Kim Sengupta
The Independent
May 2, 2008 - 5:46pm
http://www.independent.co.uk/news/world/middle-east/life-inside-gaza-city-820139...


The home where Miyasar Abu Muatak died with her children is now just a pile of rubble. A mourning tent has been put up outside with photographs of the family. A steady stream of relatives, friends and neighbours come in to express their condolences.

The home where Miyasar Abu Muatak died with her children is now just a pile of rubble. A mourning tent has been put up outside with photographs of the family. A steady stream of relatives, friends and neighbours come in to express their condolences.

Three year old Hanaa, Salah, four, Rudeynah, six and Musad, 18 months, were killed along with their mother during a firefight between Palestinian militants and Israeli forces, the cause of their death remains in dispute. Local residents say an Israeli aircraft fired two missiles, collapsing the house with the family inside. The Israeli military insisted that the deaths had been the result of a “secondary explosion” caused when weaponry carried by militants exploded.

The children’s father, Ahmed Abu Muatak, was on his way to the market when he heard the sound of the explosion and ran back. “It was my house, and I knew that everyone was inside, no one had escaped. What a black day, they have killed my family,” he said weeping as a neighbour put a consoling arm around his shoulders.

The deaths at Beit Hanun, in the northern Gaza strip, were just the latest in this attritional conflict with Palestinian rockets being fired into Israel and Israeli retribution claiming civilian lives alongside those of militants.

But direct violence is not the only problem facing the community of 700,000 people. The confrontation between Israel and Hamas has led to a blockade of this Palestinian enclave leading to acute hardship and warnings from international aid agencies and the United Nations of a growing humanitarian crisis.

Just a few miles from the shattered homes of the Muataks lies the vast remains of an industrial park destroyed by Israeli forces who claimed that it was being used to fire rockets. The debris which one has to negotiate when getting into Gaza through an Israeli checkpoint is a symbolic reminder of how the infrastructure of the place has been dismantled and the hopes of it being a viable part of a future Palestinian state is ebbing away.

Gaza is certainly not Darfur or Somalia when it comes to food shortages or displacement of people and the violence in the area is much less than in Iraq and Afghanistan. But what is happening here is that a society which once functioned is now unravelling.

Mohammed Salah was sitting with a friend on the beach at Gaza City because there is little demand for his work as an electrician. “There is no work for people and so they have very little money and what they have they spend on food. They will only use me in an emergency. It is the same with me and my family, all I try and do every day is get just the essentials for my family, that is all.”

Before the current crisis 36-year-old Mohammed was earning around 3,000 Shekels (around £450) a month, enough for his family of four. Now he says he cannot even give a figure for an average income because so often there is none at all. “My savings have now almost all gone, both my family and my wife’s family help and I do any odd job that I can. We get wheat from the aid people and my wife cooks bread. We have pickles and some vegetables, but we cannot afford meat or fish.”

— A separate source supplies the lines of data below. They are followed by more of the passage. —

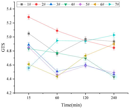 The high-temperature rheological properties of activated rubber asphalt were analyzed using Dynamic Shear Rheometer (DSR) testing at temperatures of 58 °C, 64 °C, 70 °C, 76 °C, and 82 °C. The high-temperature sensitivity of activated rubber asphalt was then calculated. The Global Temperature Sensitivity (GTS) results for different activated rubber asphalt samples are presented in Figure 5. The GTS value represents the sensitivity of asphalt to temperature changes under high-temperature conditions. A higher GTS value indicates poorer high-temperature sensitivity, while a lower value suggests better performance.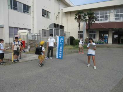 あいさつ運動2日目。本日もPTAの方に参加していただきました。今日のあいさつ名人は誰かな。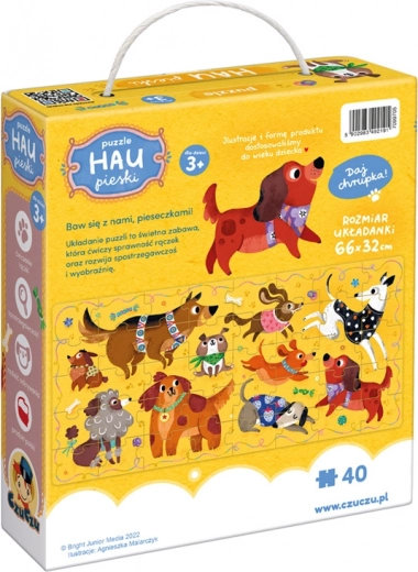 CzuCzu Sestavljanka Hau Piesci ponuja ne le zabavno sestavljanje, temveč tudi razvija fino motoriko in domišljijo otrok. Barvita in velika sestavljanka vsebuje 40 kosov in predstavlja 10 ljubkih kužkov, ki so pripravljeni za igro! Sestavljanje sestavljank omogoča otrokom prepoznavanje oblik in barv, razvijanje domišljije ter učenje koncentracije. Sestavljanje sestavljank prav tako pomirja in uči potrpežljivosti.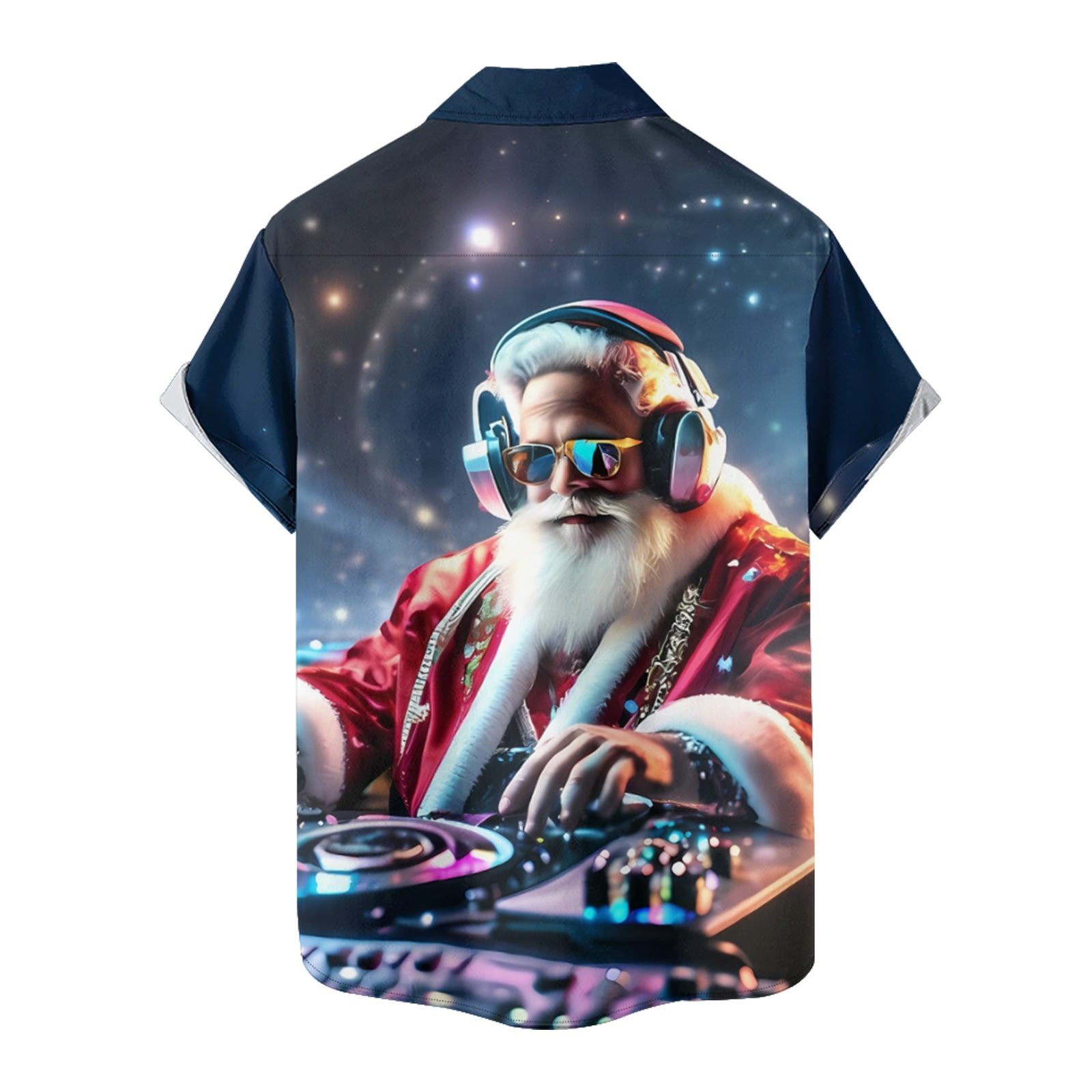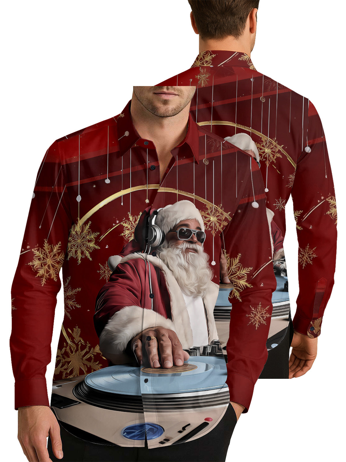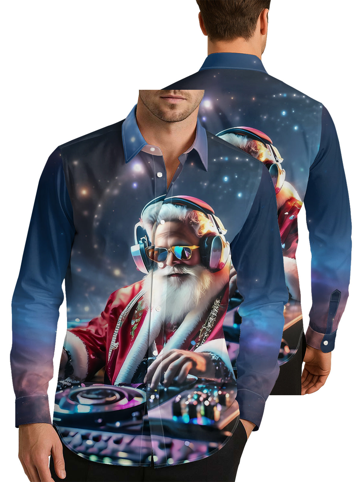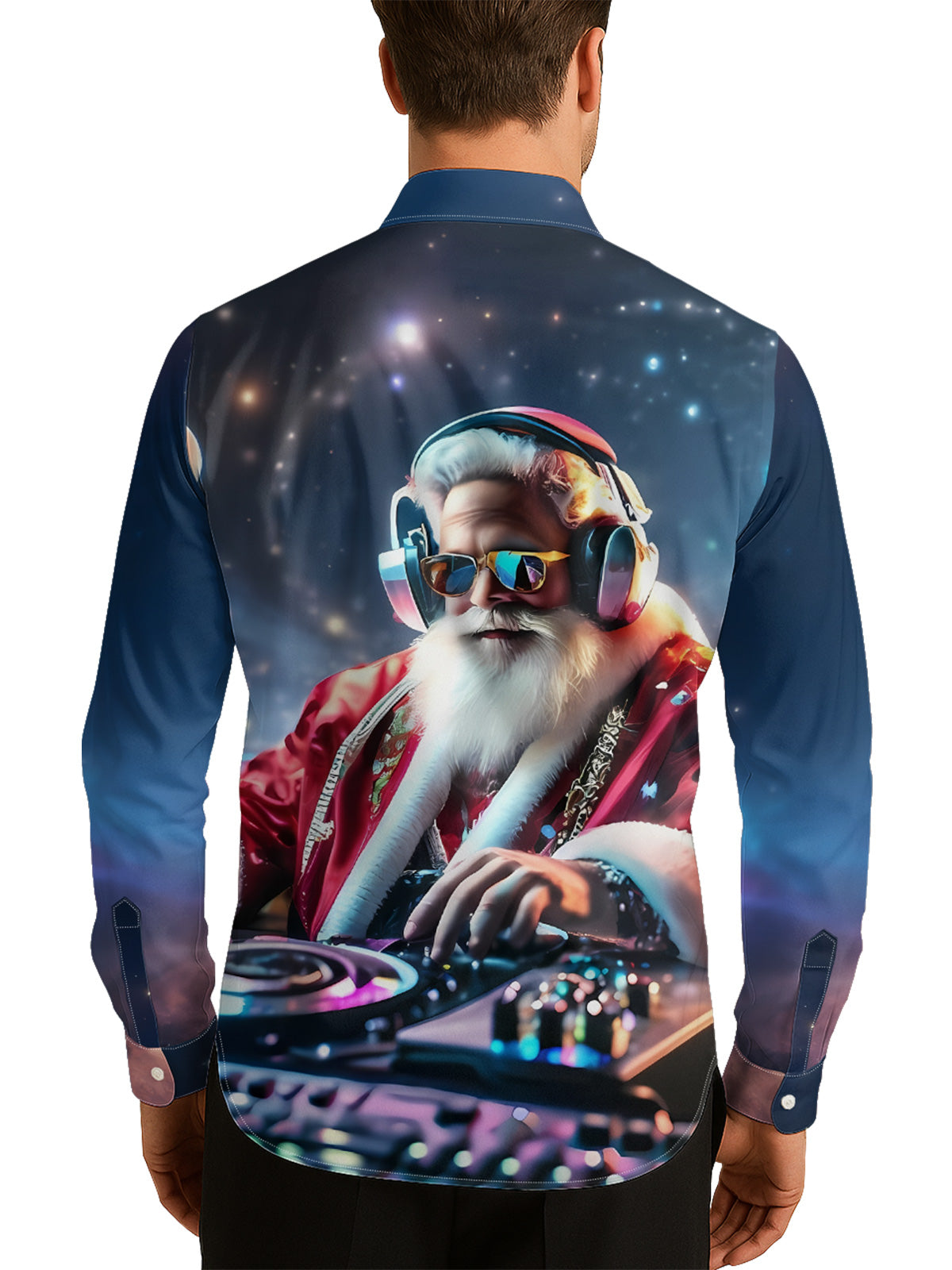 DJ Santa Claus Men's Shirt Long Sleeve Button Up Shirt

If one of the main motives of Israel in continuing to enforce the blockade is turn the population against Hamas, then it appears, to an extent at least, to be working with some. A number of people we spoke to complained that life has become increasingly difficult since the Islamist group took over total control of Gaza.

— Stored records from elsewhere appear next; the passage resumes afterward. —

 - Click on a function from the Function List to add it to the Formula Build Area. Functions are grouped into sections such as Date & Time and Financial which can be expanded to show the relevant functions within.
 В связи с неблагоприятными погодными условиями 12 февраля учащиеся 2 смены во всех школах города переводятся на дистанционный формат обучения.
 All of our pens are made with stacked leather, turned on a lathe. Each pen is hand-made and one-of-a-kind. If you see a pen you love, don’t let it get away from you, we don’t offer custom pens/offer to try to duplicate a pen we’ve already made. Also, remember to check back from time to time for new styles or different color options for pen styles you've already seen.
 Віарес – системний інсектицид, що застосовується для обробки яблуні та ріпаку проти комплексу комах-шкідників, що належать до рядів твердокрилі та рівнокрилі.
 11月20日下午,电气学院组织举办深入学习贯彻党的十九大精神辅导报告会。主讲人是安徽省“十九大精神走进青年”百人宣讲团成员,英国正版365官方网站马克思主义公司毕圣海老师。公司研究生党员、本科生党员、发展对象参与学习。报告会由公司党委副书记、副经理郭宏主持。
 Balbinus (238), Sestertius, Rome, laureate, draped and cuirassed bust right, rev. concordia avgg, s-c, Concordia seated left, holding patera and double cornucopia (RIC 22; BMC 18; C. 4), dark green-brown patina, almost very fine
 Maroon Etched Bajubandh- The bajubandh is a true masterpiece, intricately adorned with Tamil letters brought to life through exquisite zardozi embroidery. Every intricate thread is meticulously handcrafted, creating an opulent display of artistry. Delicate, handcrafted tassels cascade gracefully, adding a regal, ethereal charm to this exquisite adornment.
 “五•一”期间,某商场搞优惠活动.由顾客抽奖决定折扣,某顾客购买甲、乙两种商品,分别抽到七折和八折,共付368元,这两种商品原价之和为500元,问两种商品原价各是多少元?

“I voted for them because they were meant to be more honest than Fatah, but they have done nothing for people like me. I will not vote for them again.”

However polls also show the core Hamas vote holding steady and anger against Israel is never far from the surface. Mohammed’s friend, who did not want his name used, had no doubts where the blame lay. “Who is keeping food and fuel from us? It is Israel. Who is bombing our homes? It is Israel. It is they who have taken our land. We all want peace, but we cannot continue to be humiliated.”